THE DATA:
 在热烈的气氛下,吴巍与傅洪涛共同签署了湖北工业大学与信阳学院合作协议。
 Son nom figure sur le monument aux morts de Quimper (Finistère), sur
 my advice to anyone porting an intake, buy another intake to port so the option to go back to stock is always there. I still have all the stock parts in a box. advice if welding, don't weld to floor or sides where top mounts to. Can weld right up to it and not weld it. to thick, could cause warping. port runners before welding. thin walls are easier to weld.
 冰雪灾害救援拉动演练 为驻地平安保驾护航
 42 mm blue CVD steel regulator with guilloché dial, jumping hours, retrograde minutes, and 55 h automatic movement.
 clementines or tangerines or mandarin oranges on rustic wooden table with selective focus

* * *

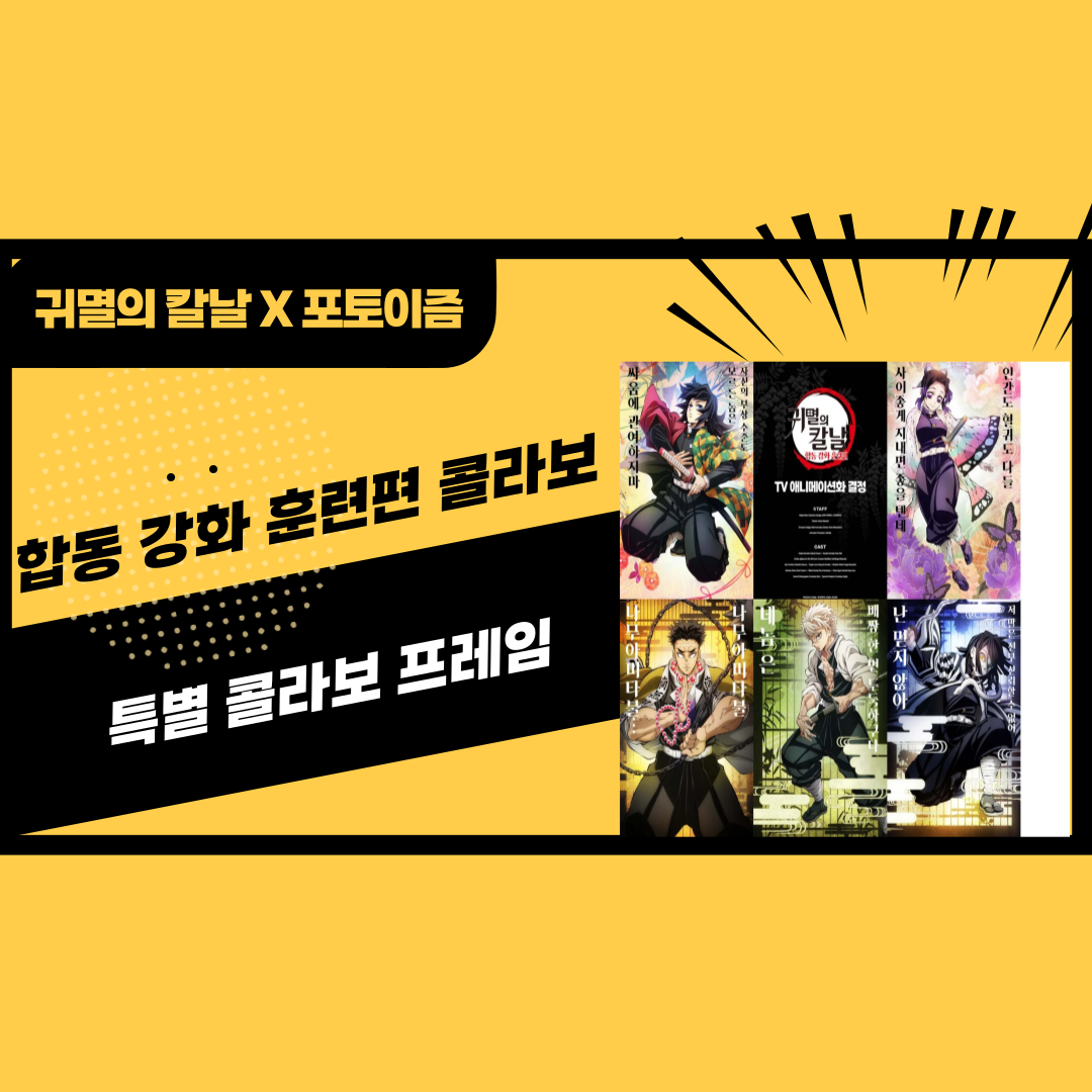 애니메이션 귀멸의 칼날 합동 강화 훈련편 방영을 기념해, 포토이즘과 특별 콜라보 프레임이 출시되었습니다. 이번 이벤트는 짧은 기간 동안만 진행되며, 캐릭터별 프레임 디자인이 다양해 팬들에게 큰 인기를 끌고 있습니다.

* * *

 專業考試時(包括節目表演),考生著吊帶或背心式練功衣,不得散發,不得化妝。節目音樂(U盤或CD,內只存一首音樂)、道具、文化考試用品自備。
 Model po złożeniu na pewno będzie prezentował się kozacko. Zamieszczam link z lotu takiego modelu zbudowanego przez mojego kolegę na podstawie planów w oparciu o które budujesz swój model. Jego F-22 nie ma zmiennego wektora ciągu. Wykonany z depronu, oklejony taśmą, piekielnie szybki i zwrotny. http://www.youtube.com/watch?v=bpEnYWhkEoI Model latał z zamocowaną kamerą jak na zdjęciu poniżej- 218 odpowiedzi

REQUIRED WORK:
Using the records above, copy word for word the line with "在热烈的气氛下,吴巍与傅洪涛共同签署了湖北工业大学与信阳学院合作协议。", the line with "clementines or tangerines", and every line between them.

ANSWER BOX:
 在热烈的气氛下,吴巍与傅洪涛共同签署了湖北工业大学与信阳学院合作协议。
 Son nom figure sur le monument aux morts de Quimper (Finistère), sur
 my advice to anyone porting an intake, buy another intake to port so the option to go back to stock is always there. I still have all the stock parts in a box. advice if welding, don't weld to floor or sides where top mounts to. Can weld right up to it and not weld it. to thick, could cause warping. port runners before welding. thin walls are easier to weld.
 冰雪灾害救援拉动演练 为驻地平安保驾护航
 42 mm blue CVD steel regulator with guilloché dial, jumping hours, retrograde minutes, and 55 h automatic movement.
 clementines or tangerines or mandarin oranges on rustic wooden table with selective focus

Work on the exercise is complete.